— Вы никогда не отлучаетесь, — напоминаю я. Он никак не реагирует и снова смачивает мне лоб.
— Проклятые вылазки к вороньему гнезду тоже не идут тебе на пользу. Долой выпивку — за борт дьявольское зелье! Попомни мои слова, от этих чертовых смесей ты сгниешь изнутри!
Я не говорю ему, что это попугай настоял, чтобы я выпил.
— Ты поднимаешься туда, чтобы влиться в команду, — продолжает капитан. — Я тебя понимаю. Лучше всего выплескивай эту гадость за борт, когда никто не смотрит.
— Буду иметь в виду. — Я вспоминаю одинокую девушку, украшающую нос: она назначила меня своими глазами и ушами на корабле. Думается, если капитан хоть когда-нибудь отвечает на вопросы прямо, то сейчас самое время попробовать его расспросить, пока ему стыдно за пылающую отметину у меня на лбу. — Когда я лазал на бушприт, я нашел статую. Она очень красива.
— Подлинный шедевр, — кивает капитан.
— Моряки верят, что такие фигуры защищают корабль. Что вы об этом думаете?

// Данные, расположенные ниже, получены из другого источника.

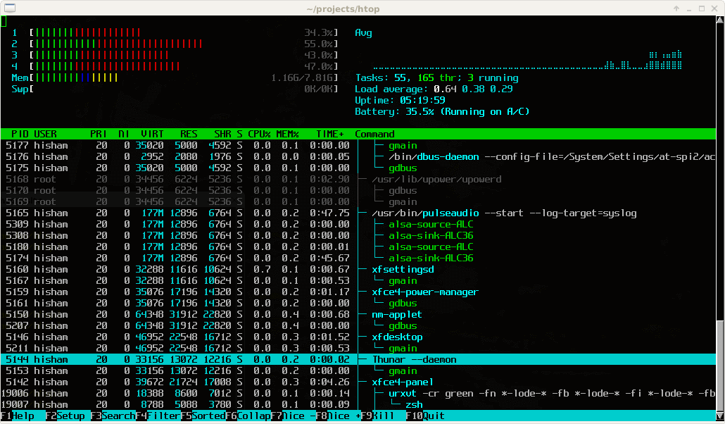 # Use arrow keys to navigate, F9 to kill, F10 to quitfree - Memory Usage:

Капитан глядит на меня с любопытством, но без подозрения:
— Это она тебе сказала?
— Она деревянная, — быстро говорю я. — Как она могла что-нибудь сказать?
— Ну да. — Капитан накручивает на палец бороду и произносит: — Она защитит нас от опасностей, которые начнутся, когда мы подплывем к впадине. От чудовищ, навстречу которым мы плывем.
— Она имеет над ними власть?
Капитан осторожно выбирает слова:
— Она наблюдает. Она видит то, чего никто больше не видит, ее видения гуляют по кораблю и помогают ему выдерживать атаки. Она — наш талисман, а ее взгляд способен зачаровать любое морское чудище.
— Хорошо, что мы под ее защитой, — замечаю я. Лучше больше не спрашивать, чтобы не вызвать подозрений.
— Без нее мы погибнем, — говорит капитан и поднимается на ноги. — Утром жду тебя на перекличке. И никаких жалоб! — С этими словами он покидает каюту, по пути кинув мокрую тряпку штурману, который явно не расположен со мной нянчиться.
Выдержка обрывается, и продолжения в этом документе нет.